Work item: The data below is to be transcribed word for word; pictures are to be excluded.

Supplied material:
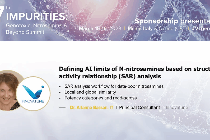 Innovatune will contribute to #VLGenotoxic 2023 with Dr. Arianna Bassan presentation focussing on N-nitrosamines, one of the main themes of the event…
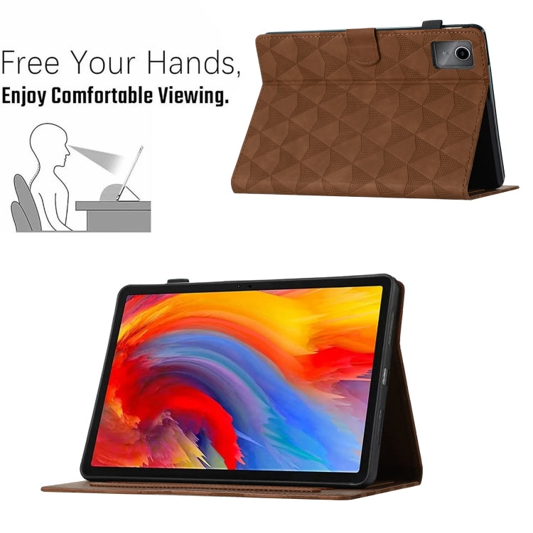 For Lenovo Tab M11/Xiaoxin Pad 11 2024 Diamond Texture Embossed Leather Smart Tablet Case(Brown)
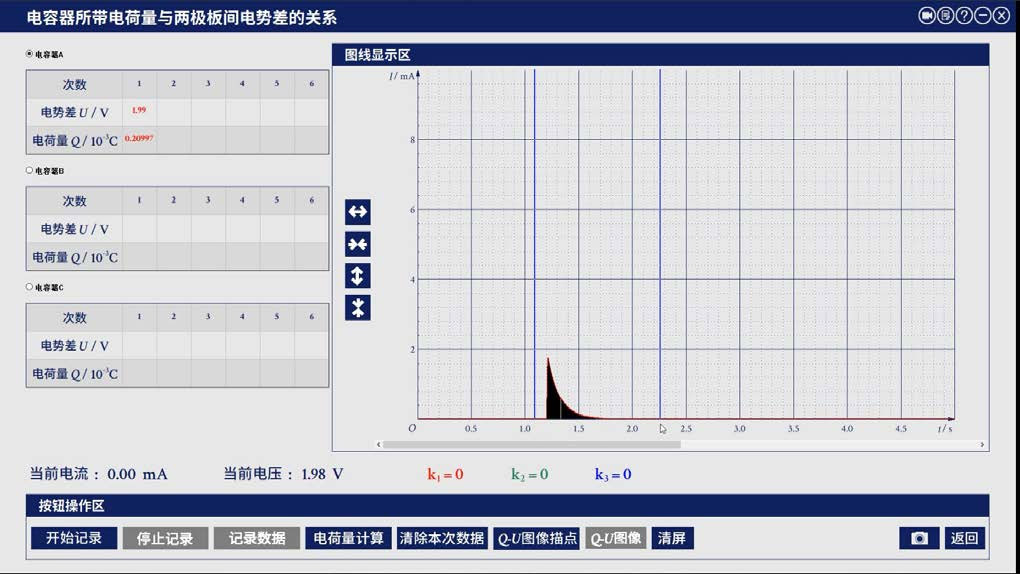 4 单击“停止记录”,单击“电荷量计算”,选择区域,系统自动将电荷量数据记入表格中;

Solution to this task:
 Innovatune will contribute to #VLGenotoxic 2023 with Dr. Arianna Bassan presentation focussing on N-nitrosamines, one of the main themes of the event…
 For Lenovo Tab M11/Xiaoxin Pad 11 2024 Diamond Texture Embossed Leather Smart Tablet Case(Brown)
 4 单击“停止记录”,单击“电荷量计算”,选择区域,系统自动将电荷量数据记入表格中;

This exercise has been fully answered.